Ich meinte die Länge vor allem. Meiner Erfahrung nach ist die Länge vor allem das Kriterium. Das Moritz 27.5 fährt mein Sohn bereits die ganze Saison. Er ist jetzt 1,48 und kann das Bike nächste Saison auch noch fahren. Das Yuma ist 40mm kürzer, das würde definitiv nicht gehen.


----------



## Psytra (17. November 2019)

LockeTirol schrieb:


> Ich meinte die Länge vor allem. Meiner Erfahrung nach ist die Länge vor allem das Kriterium. Das Moritz 27.5 fährt mein Sohn bereits die ganze Saison. Er ist jetzt 1,48 und kann das Bike nächste Saison auch noch fahren. Das Yuma ist 40mm kürzer, das würde definitiv nicht gehen.


Hmm.. Dann fiele ja eigentlich das Clash auch raus. Das ist zwar deutlich höher aber praktisch genau so lang. Das Rocky wäre der Kompromiss..
Rein von Stack/Reach sind wir dann ja schon fast beim YT Jeffsy in S, aber das geht im Sizing Guide erst bei 1,54m los und auf Kinder abgestimmte Komponenten fand ich schon auch einen Faktor. Und es soll ja auch nicht zu groß sein.


----------



## Psytra (25. November 2019)

Hallo Leute,

ich bin noch immer nicht wirklich weiter. 

Das Yuma ist erst mal raus, da es bei kurzem Reach auch noch niedrig ist.
das Erwachsenen Clash in S ist ab 1.51m angegeben
Reach ist dort vergleichbar mit dem Moritz, aber 36mm mehr Stack
dazu noch mehr Federweg (180) und längeren Radstand

Bin kurz davor einfach das Clash Jr. zu bestellen und es einfach auszuprobieren.
Ich hoffe natürlich generell auf einen halbwegs guten Wiederverkaufswert.

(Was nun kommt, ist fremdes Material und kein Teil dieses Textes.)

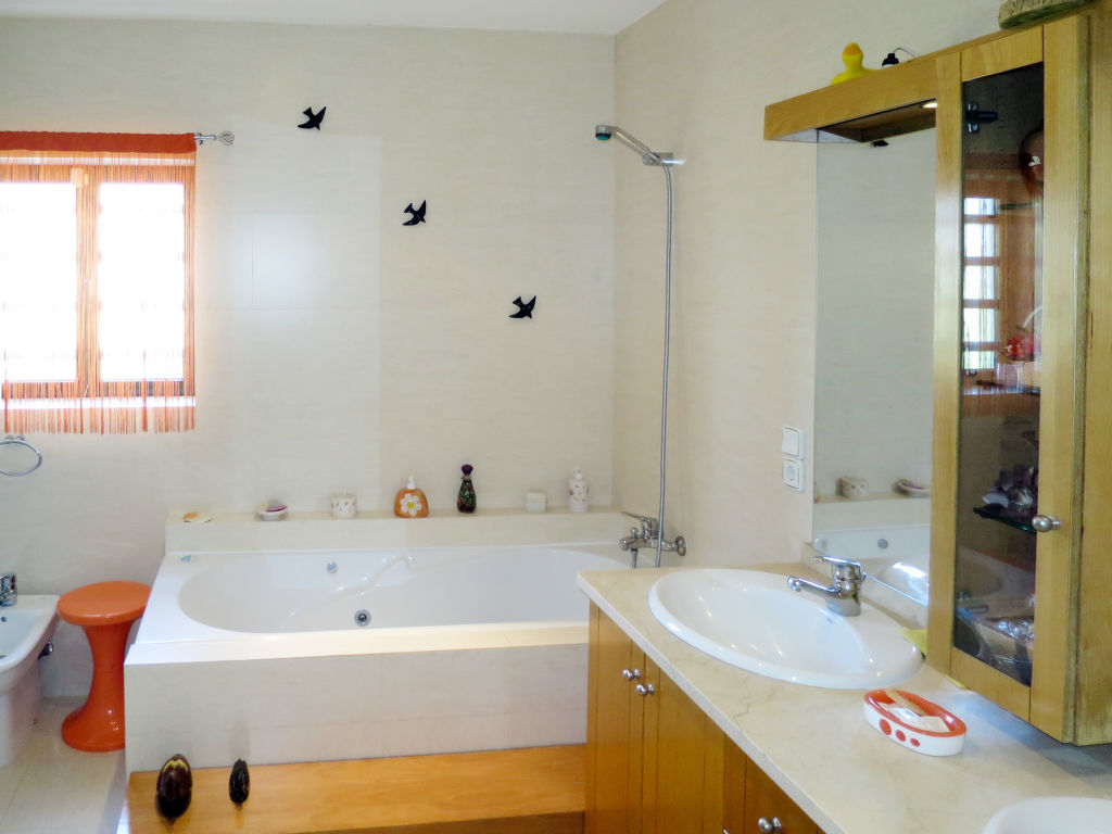 "Baltazar (ESP127)", 4-Zimmer-Haus 120 m2 auf 2 Stockwerken. Schön und gemütlich eingerichtet: Wohn-/Esszimmer mit Esstisch, Sat-TV, Stereoanlage und DVD. Ausgang zur Terrasse. 1 Zimmer mit 1 franz. Bett. Ausgang zur Terrasse. 1 Zimmer mit 2 Betten. Küche (Backofen, Geschirrspüler, 4 Flammen, Mikrowelle, Tiefkühler, elektrische Kaffeemaschine). Bad/WC, Dusche, Doppelwaschbecken. Obergeschoss: 1 abgeschrägtes Zimmer mit 1 franz. Bett (160 cm). Ölheizung. Heizung nicht in allen Räumen. Parkettböden. Terrasse 20 m2 teilweise überdacht. Terrassenmöbel, Gartengrill, Liegestühle (3), Abstellkammer. Zur Verfügung: Waschmaschine. Internet (Wireless LAN, extra).

Oder hat noch jemand einen Tipp für mich?


​Commencal​Commencal​Vpace​Rocky Mountain​Transition​​Clash Jr​Clash S​Moritz 27.5​Reaper 27.5​Scout Alloy XS​Sitzrohr Länge​370​+25​+10​-14​-15​Sitzwinkel​76​-0​-1​-1​+1​Lenkwinkel​65​+0​+1​+2​+0​Steuerrohrlänge​105​+5​n/a​-5​n/a​Radstand​1136​+48​+5​-37​-5​Oberrohrlänge​530​+51​+41​+15​+17​Kettenstrebenlänge​434​+0​+1​-9​-9​Tretlagerhöhe​-12​+0​n/a​-9​-8​Gabelhöhe​558​+13​n/a​n/a​n/a​Reach​380​+42​+40​+11​+20​Stack​593​+9​-27​-17​-4​Körpergröße​140-160​151-170​140-160​150-160​​


----------



## Schnegge (26. November 2019)

Die Frage ist: Muss es unbedingt ein Fully sein? Klar is' das für die Kids erstmal cooler... aber wenn ich sehe, dass das clash jr schon 15.5 kg wiegt.... Ich bin ja auch nicht der Gewichtsfetischist. Meiner hat auch mit 9 mangels Alternativen mit guter Geo ein Stahlhartail bekommen... mit 13 kg war das echt schon an der Obergrenze für ausgedehnte Touren. 15.5 kg find ich für eurer Einsatzgabiet einfach zu hoch. Ich würde mal schauen, was es mitlerweile an kleinen Trail-/Endurohartails so auf dem Markt gibt. Wenn der Stack etwas zu hoch ist, kann man in Verbindung mit kurzen Kurbeln auch schauen, dass man eine Gabel bekommt die man z.B.  2 cm Traveln kann. Funktioniert bei einem Hartail ab 150 mm FW und 'nem Lenkwinkel um die 66° sehr gut... haben wir auch so gemacht... bei meinen Fotos ist noch eine etwas ältere Geotabelle verschiedener Hardtails... ggf. hilf dir diese auch weiter.


----------



## Psytra (26. November 2019)

Danke für Deinen Input! Naja fully muss nicht sein, aber nachdem er das Yuma schon sehr genossen hat fände ich es schon schade, ein HT zu nehmen. Sind gestern auch wieder zusammen gefahren und da dachte ich mir, dass ich die Reserven bei einem Fully wirklich nicht verkehrt finde. 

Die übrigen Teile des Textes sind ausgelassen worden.